4.A Sustainable Supply Chain Model for Time‑Varying Deteriorating Items Under Promotional Cost-Sharing Policy and Three‑Level Trade Credit Financing
  • Authors: Leyla Aliabadi; Seyed Hessameddin Zegordi; Ali Husseinzadeh Kashan; Mohammad Ali Rastegar
  • Year: 2024 (June)
  • Journal: Operational Research
  • DOI: 10.1007/s12351‑024‑00824‑x
  • Summary: This research develops a sustainable supply chain framework for perishable goods, incorporating promotional cost-sharing and multi-tier trade credit. The model optimizes inventory planning, financing, and pricing under varying deterioration rates, improving profit and sustainability.
5.A Tailored Meta-Heuristic for the Autonomous Electric Vehicle Routing Problem Considering the Mixed Fleet
  • Authors: Maryam Farahani; Seyed Hessameddin Zegordi; Ali Husseinzadeh Kashan
  • Year: 2023
  • Journal: IEEE Access
  • DOI: 10.1109/ACCESS.2023.3237481
  • Summary: The article proposes a customized metaheuristic algorithm to route autonomous electric vehicles in mixed fleets. The algorithm balances cost, distance, emissions, and charging constraints, offering improved routing efficiency and environmental impact.
6.A Multi‑Stage Stochastic Programming Approach for Supply Chain Risk Mitigation via Product Substitution
  • Authors: Seyed Mahdi Ghorashi Khalilabadi; Seyed Hessameddin Zegordi; Ehsan Nikbakhsh
  • Year: 2020 (November)
  • Journal: Computers & Industrial Engineering
  • DOI: 10.1016/j.cie.2020.106786
  • Summary: This study formulates a stochastic programming model that enables product substitution to buffer against supply chain disruptions.

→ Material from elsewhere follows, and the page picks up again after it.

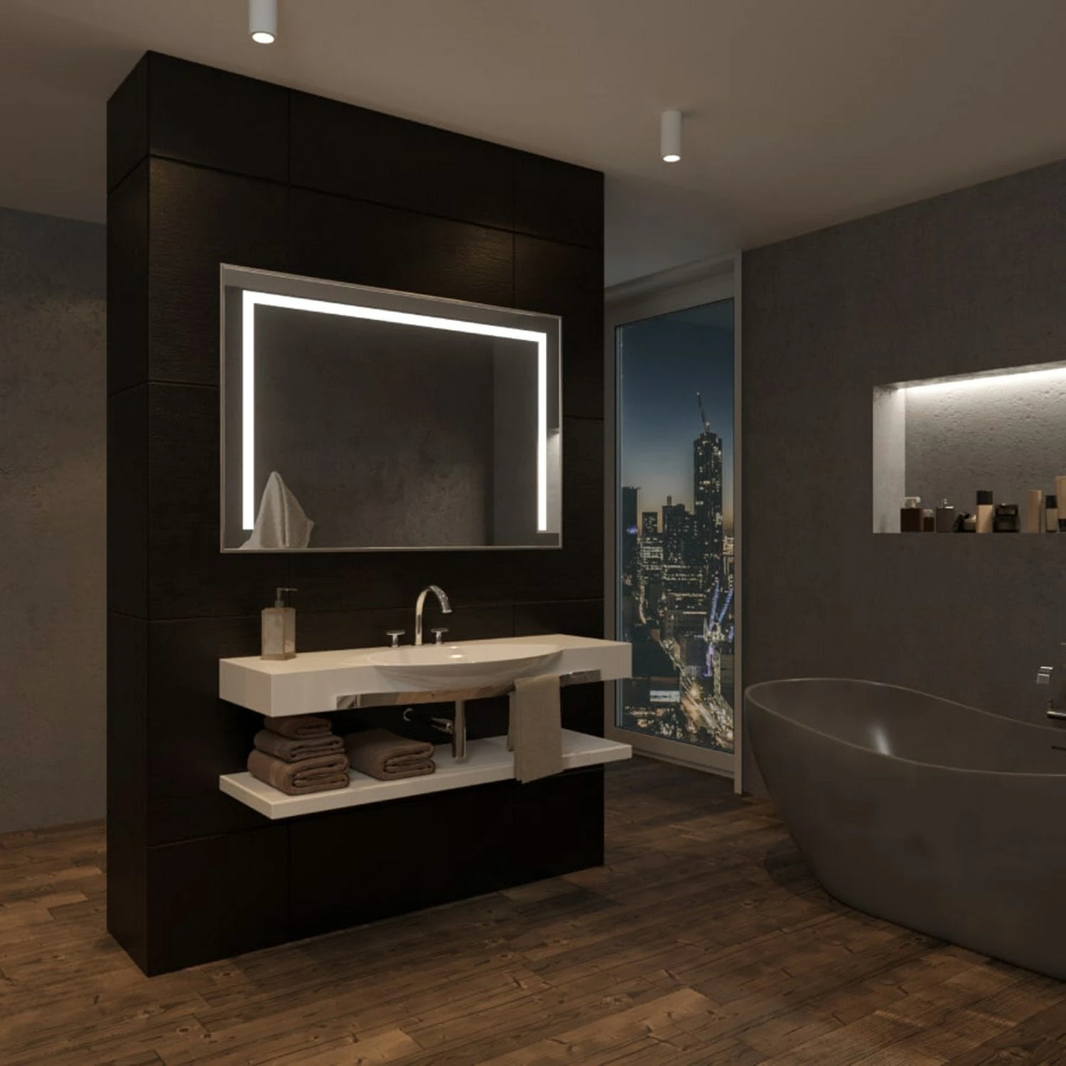 - Ausführung: Einbau – Dank des Einbaurahmens werden sie flächenbündig in die Wand eingelassen und fügen sich perfekt in moderne Badumgebungen ein. So wirken sie fast unsichtbar und sind ein echtes Design-Highlight. Hier ist allerdings keine Varianten oder zusätzliche Beleuchtung wählbar.
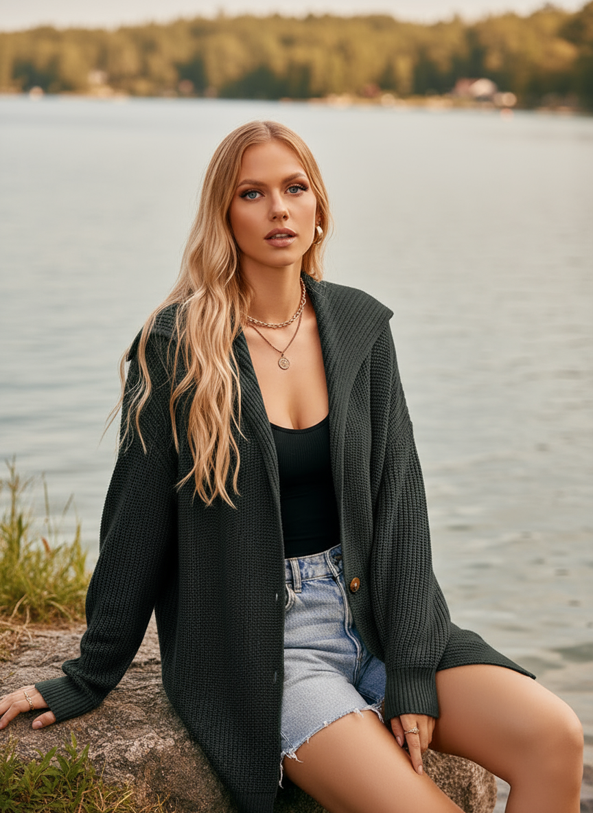 This cape-style cardigan captures the essence of quiet luxury and effortless sophistication with its relaxed silhouette and refined structure. The dropped shoulder design and oversized fold-over collar add a touch of modern minimalism, blending cozy comfort with timeless elegance. Made from soft knit with a slightly stretchy feel, it drapes gracefully for a flattering, laid-back fit. The button-front closure and ribbed hems lend a classic touch, while the cozy texture evokes autumnal serenity and old money ease. Perfect for layering over casual denim or pairing with tailored basics, this cardigan reflects a blend of soft classic and capsule wardrobe aesthetics, ideal for those drawn to understated chic and elevated simplicity.

The multi-stage approach balances cost, service level, and risk, offering a quantitative tool for resilient operations planning.

Conclusion

 Prof. Zegordi’s contributions bridge research innovation and strategic industrial impact. His publications in IEEE Access, Robotics and Computer-Integrated Manufacturing, and Computers & Industrial Engineering emphasize both technical rigor and societal relevance. His leadership, academic service, and collaborative industry roles make him a strong and deserving candidate for the Best Researcher Award in engineering and systems sciences.